### SUPPLIED RECORDS
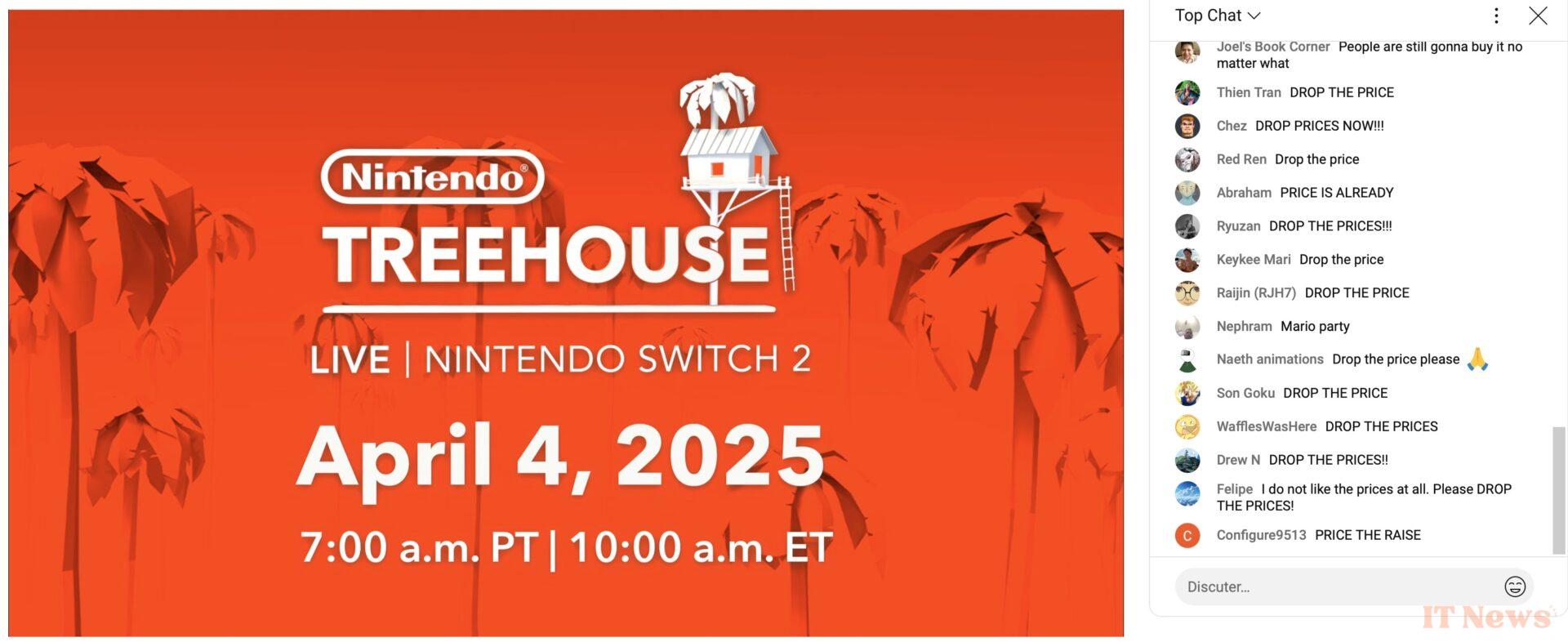 And players are making their frustration very clear: the YouTube chat for Treehouse, the online event where Nintendo showcases the Switch 2 games in more detail, is jammed with viewers demanding a price drop! So much so that it's the only message that sticks out - and not the quality of the games and the console, blurring the message the company wants to convey.
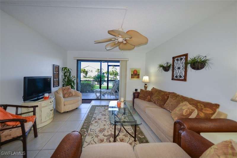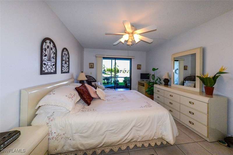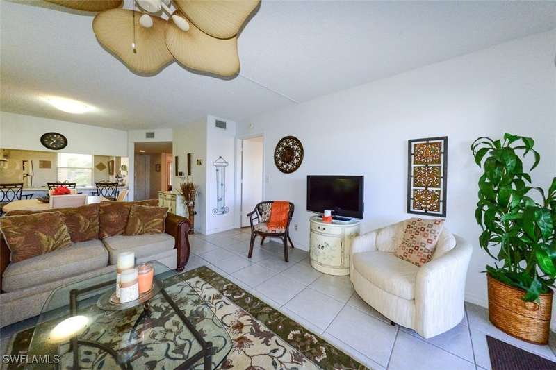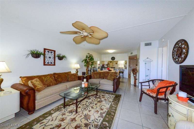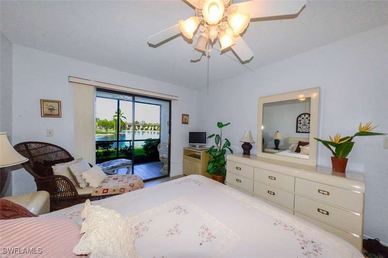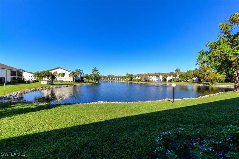 Welcome to this beautifully maintained and spacious 2-bedroom, 2-bathroom condominium located in one of the most sought-after communities in the area. This GROUND-FLOOR unit offers the perfect blend of comfort and convenience. TURNKEY and No more stairs!! Relax on your private oversized Lanai while enjoying the stunning view of the Lake with your morning coffee or watching the beautiful sunset! The master bedroom includes a walk-in closet, providing ample storage space for all your belongings. The large windows allow natural light to fill the space, highlighting the elegant finishes and warm tones throughout. Located in a prime location, this unit is just minutes from shopping, dining, parks, entertainment and beaches. Low Condo fee includes, water, sewer and basic cable too! Don't miss the opportunity to make this charming condominium your new home! NOT IN A FLOOD ZONE! Schedule a showing today!
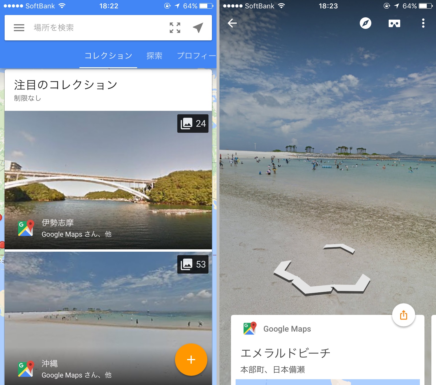マップアプリで紹介したストリートビュー機能だけに特化した「Googleストリートビュー」アプリは、ストリートビューで見られる場所が探しやすくなっています。さらに、iPhoneで撮ったパノラマ写真や「RICOH THETA」などの全天球カメラで撮った写真も投稿可能です。”地図”というよりは”空想旅行”を楽しむのに良さそうです。
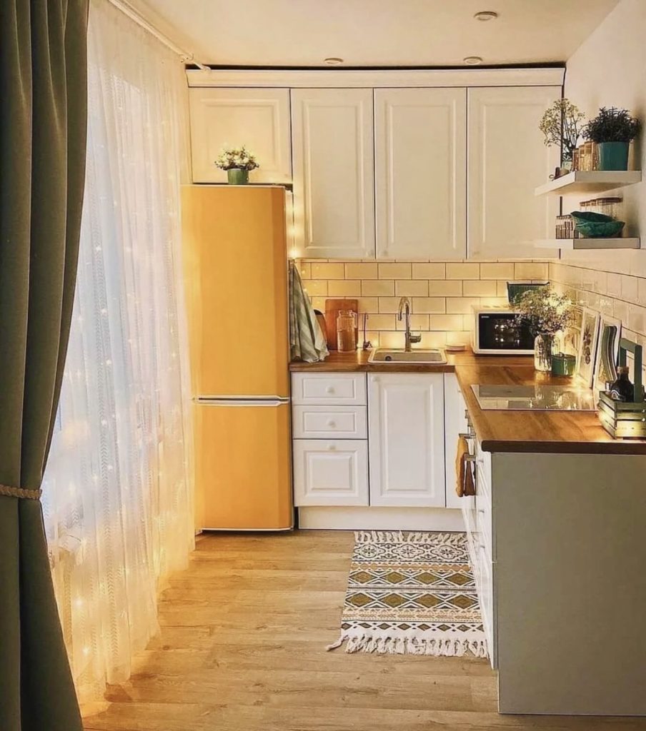 In this design idea for a small kitchen, a splash of yellow paint on a refrigerator brings a fun and happy touch to this decorating endeavor. The white cabinetry and subway tiles on this wall provide a significantly contrasting yet fresh and airy feel. The wooden countertops add a natural and earthy feel to this decorating project. The fairy lights and plants add a cozy and woody personality to this decorating task.
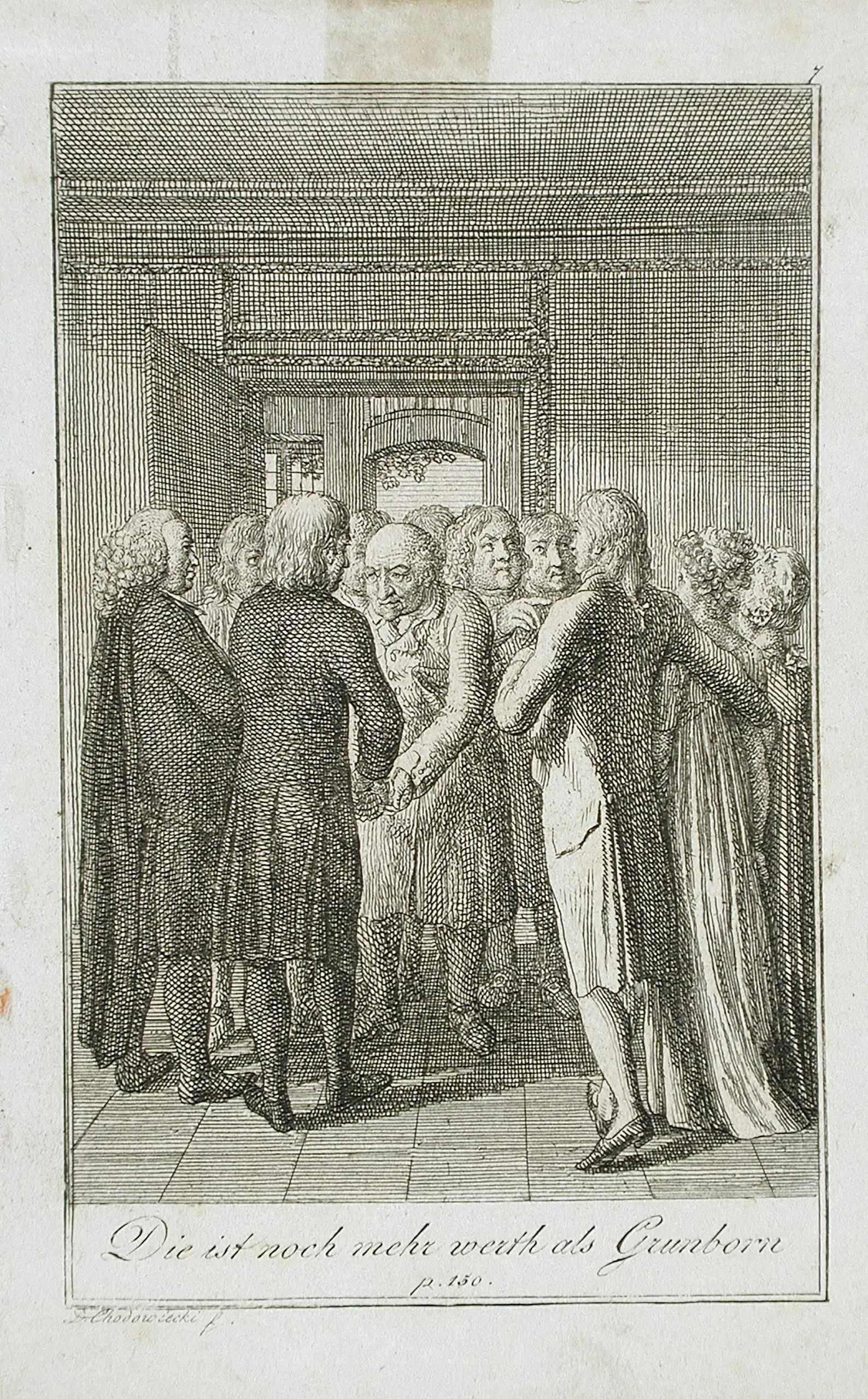Engraving on cream paper showing a crowd of ten figures in eighteenth-century dress gathered in an interior hallway, with German text below
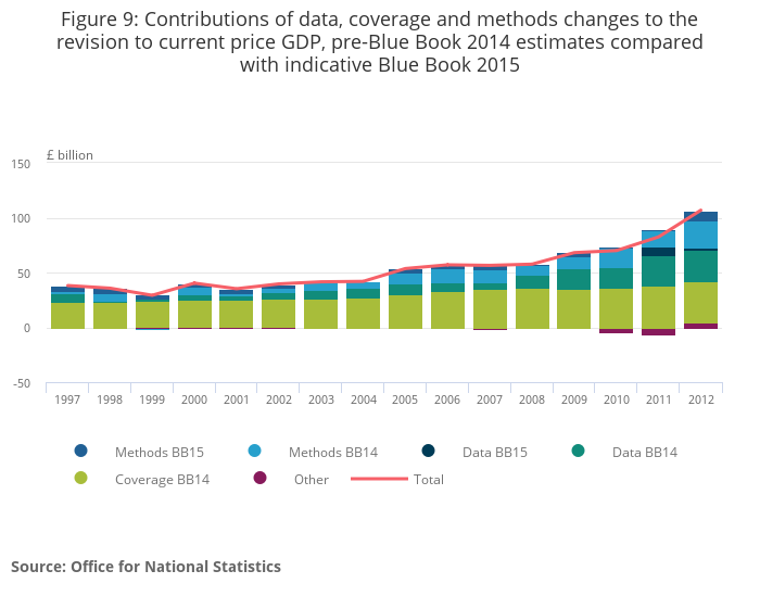 - Other’ includes the removal of the statistical discrepancy in BB14 and changes relating to insurance and narcotics in BB15. ‘Coverage’ includes the BB14 changes relating to illegal activities, research & development, and weapons. ‘Methods’ includes a number of changes in both BB14 and BB15: in BB14 the changes relating to Financial Intermediation Services Indirectly Measured (FISIM) and pensions are the most significant; in BB15 all changes were ‘methods’ changes apart from the incorporation of new data and insurance and narcotics, with the changes relating to exhaustiveness the most significant. ‘Data’ includes Review of NPISH units, GFCF and other changes (assumed to be ESA95) from BB14, and the new data changes in BB15.

### EXERCISE PROMPT
Repeat the records above exactly. Pictures do not belong in the copy.

### ANSWER BOX
 And players are making their frustration very clear: the YouTube chat for Treehouse, the online event where Nintendo showcases the Switch 2 games in more detail, is jammed with viewers demanding a price drop! So much so that it's the only message that sticks out - and not the quality of the games and the console, blurring the message the company wants to convey.
 Welcome to this beautifully maintained and spacious 2-bedroom, 2-bathroom condominium located in one of the most sought-after communities in the area. This GROUND-FLOOR unit offers the perfect blend of comfort and convenience. TURNKEY and No more stairs!! Relax on your private oversized Lanai while enjoying the stunning view of the Lake with your morning coffee or watching the beautiful sunset! The master bedroom includes a walk-in closet, providing ample storage space for all your belongings. The large windows allow natural light to fill the space, highlighting the elegant finishes and warm tones throughout. Located in a prime location, this unit is just minutes from shopping, dining, parks, entertainment and beaches. Low Condo fee includes, water, sewer and basic cable too! Don't miss the opportunity to make this charming condominium your new home! NOT IN A FLOOD ZONE! Schedule a showing today!
マップアプリで紹介したストリートビュー機能だけに特化した「Googleストリートビュー」アプリは、ストリートビューで見られる場所が探しやすくなっています。さらに、iPhoneで撮ったパノラマ写真や「RICOH THETA」などの全天球カメラで撮った写真も投稿可能です。”地図”というよりは”空想旅行”を楽しむのに良さそうです。
 In this design idea for a small kitchen, a splash of yellow paint on a refrigerator brings a fun and happy touch to this decorating endeavor. The white cabinetry and subway tiles on this wall provide a significantly contrasting yet fresh and airy feel. The wooden countertops add a natural and earthy feel to this decorating project. The fairy lights and plants add a cozy and woody personality to this decorating task.
Engraving on cream paper showing a crowd of ten figures in eighteenth-century dress gathered in an interior hallway, with German text below
 - Other’ includes the removal of the statistical discrepancy in BB14 and changes relating to insurance and narcotics in BB15. ‘Coverage’ includes the BB14 changes relating to illegal activities, research & development, and weapons. ‘Methods’ includes a number of changes in both BB14 and BB15: in BB14 the changes relating to Financial Intermediation Services Indirectly Measured (FISIM) and pensions are the most significant; in BB15 all changes were ‘methods’ changes apart from the incorporation of new data and insurance and narcotics, with the changes relating to exhaustiveness the most significant. ‘Data’ includes Review of NPISH units, GFCF and other changes (assumed to be ESA95) from BB14, and the new data changes in BB15.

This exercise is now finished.